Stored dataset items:
****************************************

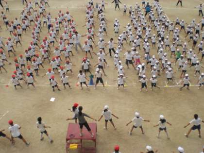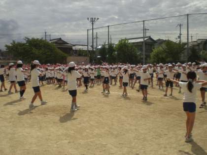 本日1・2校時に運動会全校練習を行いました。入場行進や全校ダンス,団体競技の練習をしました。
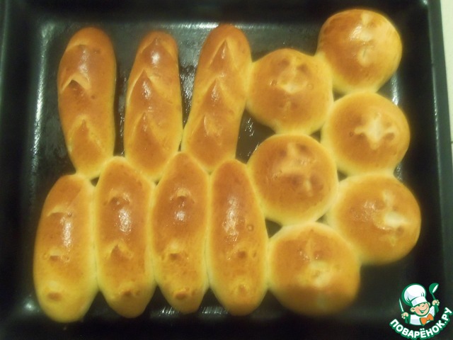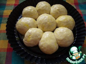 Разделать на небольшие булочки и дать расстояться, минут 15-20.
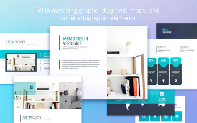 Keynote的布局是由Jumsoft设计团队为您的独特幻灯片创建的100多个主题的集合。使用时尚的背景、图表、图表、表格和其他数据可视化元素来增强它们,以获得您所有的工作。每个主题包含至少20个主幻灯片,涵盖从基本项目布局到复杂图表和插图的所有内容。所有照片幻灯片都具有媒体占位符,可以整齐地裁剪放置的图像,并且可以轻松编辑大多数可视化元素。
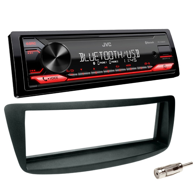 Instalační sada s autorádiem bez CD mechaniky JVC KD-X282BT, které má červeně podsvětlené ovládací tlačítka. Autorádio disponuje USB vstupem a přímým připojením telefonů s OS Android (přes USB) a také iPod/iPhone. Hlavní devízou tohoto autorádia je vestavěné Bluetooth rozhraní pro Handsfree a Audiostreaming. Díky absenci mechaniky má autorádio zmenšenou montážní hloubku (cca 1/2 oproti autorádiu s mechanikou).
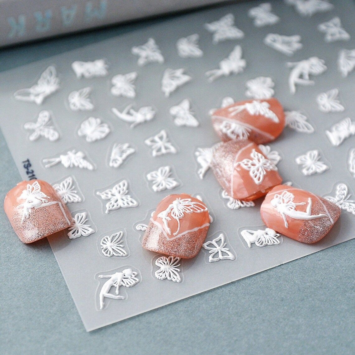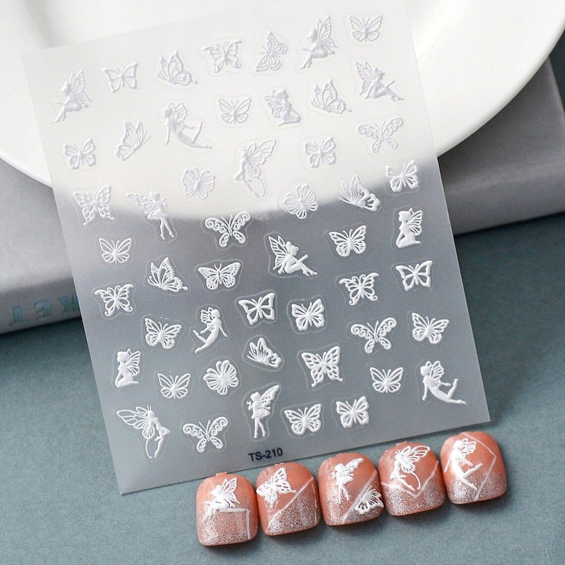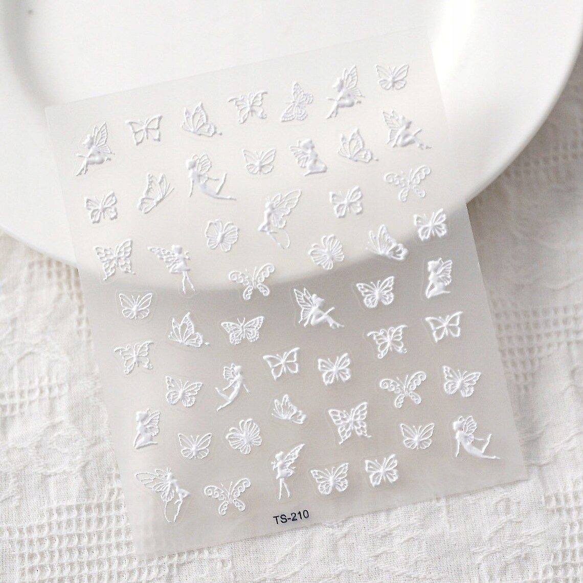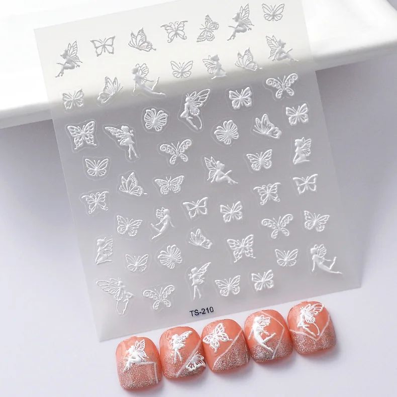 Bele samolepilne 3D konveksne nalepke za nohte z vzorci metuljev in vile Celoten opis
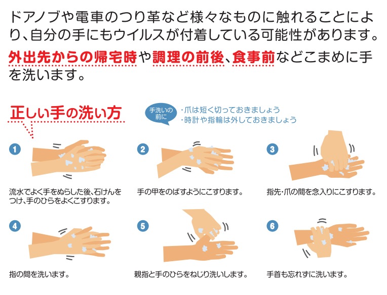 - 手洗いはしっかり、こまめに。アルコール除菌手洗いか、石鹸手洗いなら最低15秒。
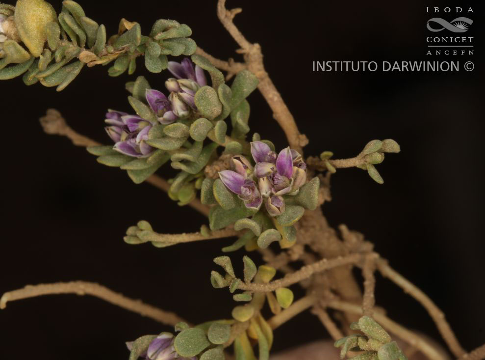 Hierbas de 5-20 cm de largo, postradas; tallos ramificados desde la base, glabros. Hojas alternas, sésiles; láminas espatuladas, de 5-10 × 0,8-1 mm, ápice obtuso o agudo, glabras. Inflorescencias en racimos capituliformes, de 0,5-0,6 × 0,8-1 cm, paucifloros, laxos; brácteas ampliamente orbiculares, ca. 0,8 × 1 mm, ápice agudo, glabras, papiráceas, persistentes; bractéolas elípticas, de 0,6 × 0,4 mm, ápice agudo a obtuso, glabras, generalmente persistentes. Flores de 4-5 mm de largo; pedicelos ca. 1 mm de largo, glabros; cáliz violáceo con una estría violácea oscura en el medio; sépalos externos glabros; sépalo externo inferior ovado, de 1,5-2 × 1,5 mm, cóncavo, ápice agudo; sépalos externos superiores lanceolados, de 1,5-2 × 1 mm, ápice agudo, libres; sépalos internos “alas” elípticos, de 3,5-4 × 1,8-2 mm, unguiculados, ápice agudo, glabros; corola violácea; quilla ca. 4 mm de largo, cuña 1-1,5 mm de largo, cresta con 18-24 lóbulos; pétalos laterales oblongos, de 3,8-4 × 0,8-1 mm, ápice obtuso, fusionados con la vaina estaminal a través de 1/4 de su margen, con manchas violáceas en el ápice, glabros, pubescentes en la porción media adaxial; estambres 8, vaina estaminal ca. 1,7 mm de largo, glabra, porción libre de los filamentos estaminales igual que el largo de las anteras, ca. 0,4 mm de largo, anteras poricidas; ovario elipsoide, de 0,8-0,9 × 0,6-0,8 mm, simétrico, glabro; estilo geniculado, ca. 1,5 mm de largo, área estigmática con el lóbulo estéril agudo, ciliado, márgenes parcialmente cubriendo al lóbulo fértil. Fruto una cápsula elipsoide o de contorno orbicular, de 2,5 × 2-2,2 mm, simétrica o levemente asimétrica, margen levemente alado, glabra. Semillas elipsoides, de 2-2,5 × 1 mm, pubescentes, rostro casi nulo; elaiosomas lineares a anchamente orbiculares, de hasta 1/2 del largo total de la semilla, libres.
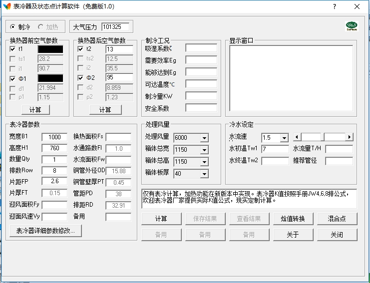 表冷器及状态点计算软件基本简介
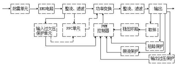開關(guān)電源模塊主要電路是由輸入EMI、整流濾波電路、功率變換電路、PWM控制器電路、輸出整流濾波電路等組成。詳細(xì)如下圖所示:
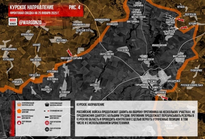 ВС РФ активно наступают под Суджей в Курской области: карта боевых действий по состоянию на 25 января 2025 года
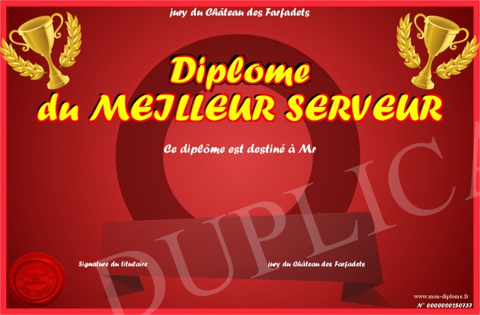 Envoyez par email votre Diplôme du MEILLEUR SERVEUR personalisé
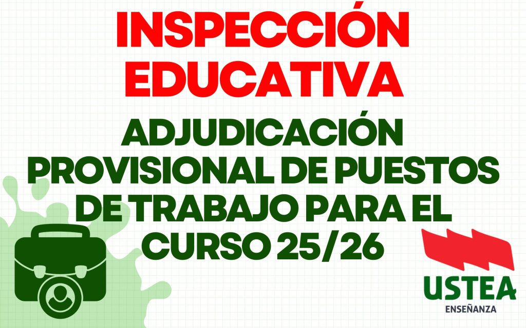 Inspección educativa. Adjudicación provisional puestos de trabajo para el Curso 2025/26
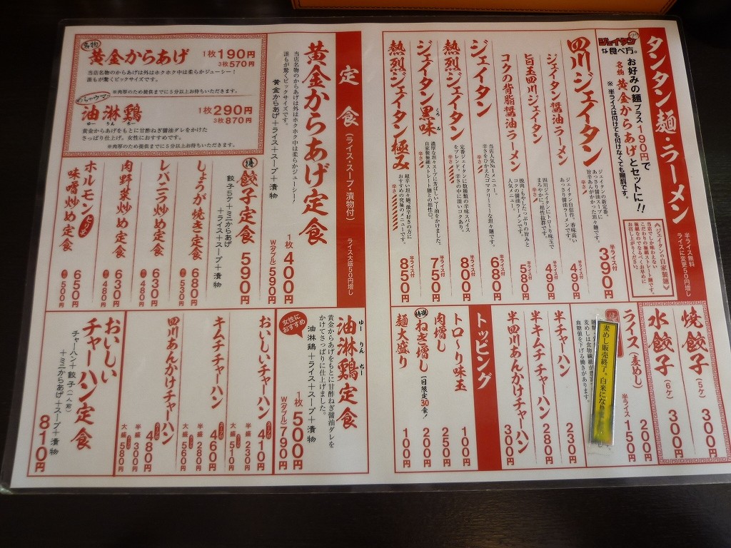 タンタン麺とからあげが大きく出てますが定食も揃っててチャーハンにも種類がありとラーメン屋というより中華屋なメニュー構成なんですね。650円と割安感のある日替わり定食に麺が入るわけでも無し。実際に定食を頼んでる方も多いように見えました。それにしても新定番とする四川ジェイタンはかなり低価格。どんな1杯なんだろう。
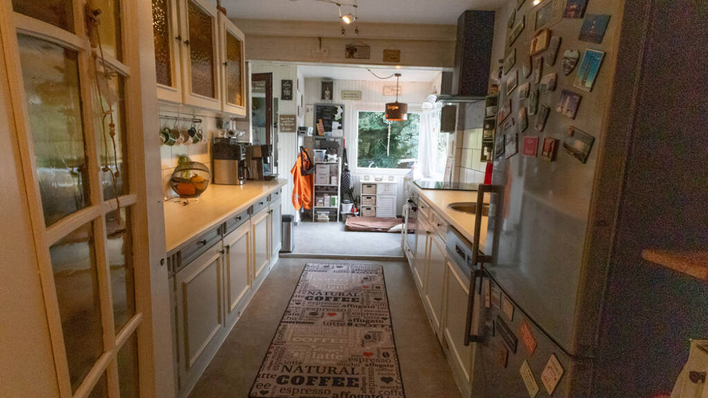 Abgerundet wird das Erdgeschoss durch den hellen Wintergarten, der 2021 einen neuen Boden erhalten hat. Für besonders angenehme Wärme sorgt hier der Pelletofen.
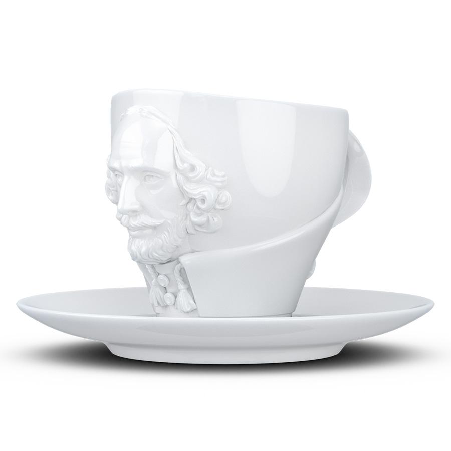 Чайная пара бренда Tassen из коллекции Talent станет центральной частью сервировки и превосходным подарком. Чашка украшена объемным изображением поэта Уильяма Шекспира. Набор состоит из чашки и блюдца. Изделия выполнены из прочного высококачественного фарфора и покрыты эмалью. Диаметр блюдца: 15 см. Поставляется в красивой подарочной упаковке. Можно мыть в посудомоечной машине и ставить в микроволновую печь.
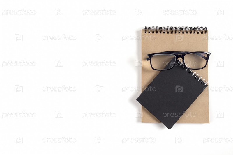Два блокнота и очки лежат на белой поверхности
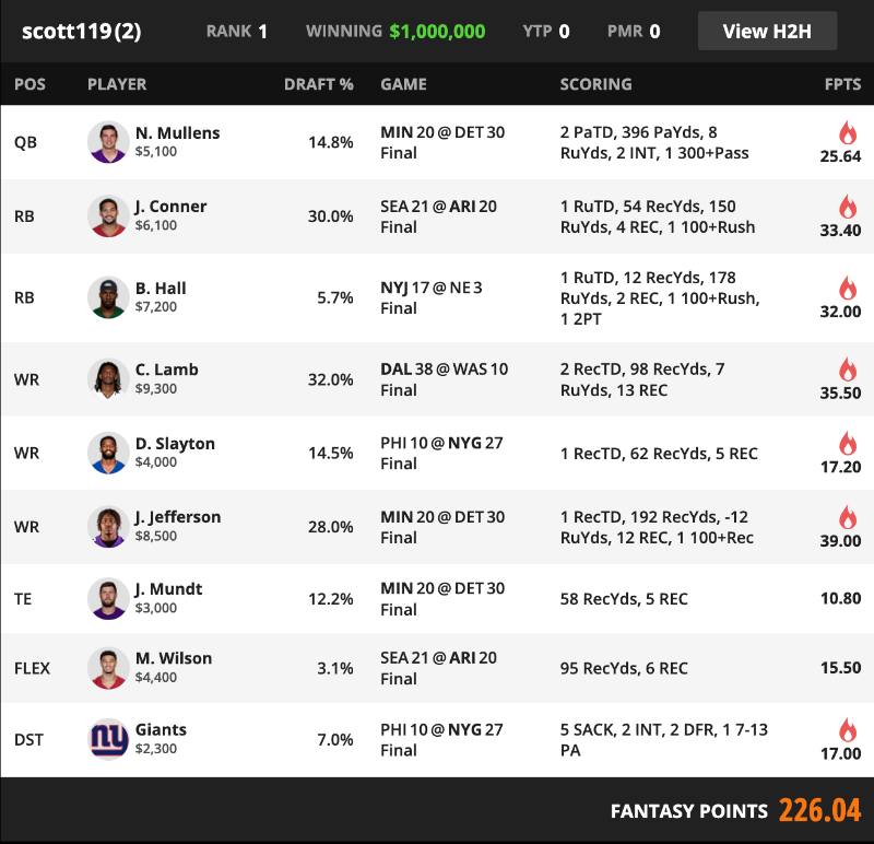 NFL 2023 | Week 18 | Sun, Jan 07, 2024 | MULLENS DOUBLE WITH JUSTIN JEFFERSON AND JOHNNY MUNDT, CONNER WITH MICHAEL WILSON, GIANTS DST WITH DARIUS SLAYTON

****************************************

Exercise requirements: Every line above between the one containing "- 手洗いはしっかり、こまめ" and the one containing "Inspección educativa. Adjudicación", those two included, is to be printed exactly. No pictures go into the copy.

Task answer:
 - 手洗いはしっかり、こまめに。アルコール除菌手洗いか、石鹸手洗いなら最低15秒。
 Hierbas de 5-20 cm de largo, postradas; tallos ramificados desde la base, glabros. Hojas alternas, sésiles; láminas espatuladas, de 5-10 × 0,8-1 mm, ápice obtuso o agudo, glabras. Inflorescencias en racimos capituliformes, de 0,5-0,6 × 0,8-1 cm, paucifloros, laxos; brácteas ampliamente orbiculares, ca. 0,8 × 1 mm, ápice agudo, glabras, papiráceas, persistentes; bractéolas elípticas, de 0,6 × 0,4 mm, ápice agudo a obtuso, glabras, generalmente persistentes. Flores de 4-5 mm de largo; pedicelos ca. 1 mm de largo, glabros; cáliz violáceo con una estría violácea oscura en el medio; sépalos externos glabros; sépalo externo inferior ovado, de 1,5-2 × 1,5 mm, cóncavo, ápice agudo; sépalos externos superiores lanceolados, de 1,5-2 × 1 mm, ápice agudo, libres; sépalos internos “alas” elípticos, de 3,5-4 × 1,8-2 mm, unguiculados, ápice agudo, glabros; corola violácea; quilla ca. 4 mm de largo, cuña 1-1,5 mm de largo, cresta con 18-24 lóbulos; pétalos laterales oblongos, de 3,8-4 × 0,8-1 mm, ápice obtuso, fusionados con la vaina estaminal a través de 1/4 de su margen, con manchas violáceas en el ápice, glabros, pubescentes en la porción media adaxial; estambres 8, vaina estaminal ca. 1,7 mm de largo, glabra, porción libre de los filamentos estaminales igual que el largo de las anteras, ca. 0,4 mm de largo, anteras poricidas; ovario elipsoide, de 0,8-0,9 × 0,6-0,8 mm, simétrico, glabro; estilo geniculado, ca. 1,5 mm de largo, área estigmática con el lóbulo estéril agudo, ciliado, márgenes parcialmente cubriendo al lóbulo fértil. Fruto una cápsula elipsoide o de contorno orbicular, de 2,5 × 2-2,2 mm, simétrica o levemente asimétrica, margen levemente alado, glabra. Semillas elipsoides, de 2-2,5 × 1 mm, pubescentes, rostro casi nulo; elaiosomas lineares a anchamente orbiculares, de hasta 1/2 del largo total de la semilla, libres.
 表冷器及状态点计算软件基本简介
開關(guān)電源模塊主要電路是由輸入EMI、整流濾波電路、功率變換電路、PWM控制器電路、輸出整流濾波電路等組成。詳細(xì)如下圖所示:
 ВС РФ активно наступают под Суджей в Курской области: карта боевых действий по состоянию на 25 января 2025 года
 Envoyez par email votre Diplôme du MEILLEUR SERVEUR personalisé
 Inspección educativa. Adjudicación provisional puestos de trabajo para el Curso 2025/26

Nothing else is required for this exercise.